A sarcopenia é suspeitada quando há perda notável de força muscular junto à diminuição da massa muscular e do desempenho físico. Testes simples em consultório e exames de composição corporal ajudam no diagnóstico precoce.

Ele reforça que quanto mais cedo a doença for identificada, maiores são as chances de recuperação e preservação da qualidade de vida.

Os sinais iniciais da condição geralmente surgem de forma silenciosa e, muitas vezes, são atribuídos apenas à idade. "A percepção de que tarefas antes fáceis estão se tornando difíceis merece atenção e avaliação médica", aconselha.

Entre os principais sinais estão:

  • Dificuldade para se levantar de uma cadeira sem apoio.
  • Redução da força para carregar objetos do dia a dia.
  • Caminhada mais lenta.
  • Cansaço excessivo em atividades simples.
  • Perda de equilíbrio.
  • Redução da disposição física.
  • Diminuição da massa muscular dos braços e pernas.
  • Maior frequência de quedas ou tropeços.

Gilbert menciona que a prevenção da sarcopenia "começa muito antes da terceira idade". É importante praticar exercícios de força regularmente, manter ingestão adequada de proteínas, controlar doenças crônicas e garantir níveis adequados de vitamina D.
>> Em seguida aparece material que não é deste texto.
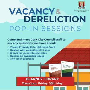 Cork City Council are holding a series of public drop-in Vacancy & Dereliction sessions this year aimed at informing members of the public on the supports available to refurbish vacant and derelict properties, including the popular Vacant Property Refurbishment Grant.
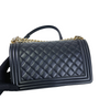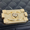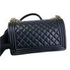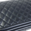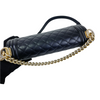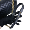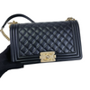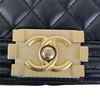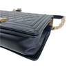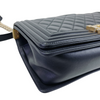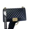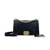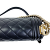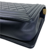 This Chanel Old Medium Boy Bag in Quilted Black Lambskin is a knockout classic piece. The interior features one flat pocket for those items you want to keep handy.

O especialista em geriatria pondera que a condição é mais comum após os 60 anos, mas indivíduos mais jovens também podem desenvolvê-la devido a hábitos inadequados, obesidade associada à perda muscular ou doenças crônicas.

"Envelhecer bem não depende apenas da idade que consta nos documentos, mas da capacidade de manter autonomia, vitalidade e qualidade de vida", conclui.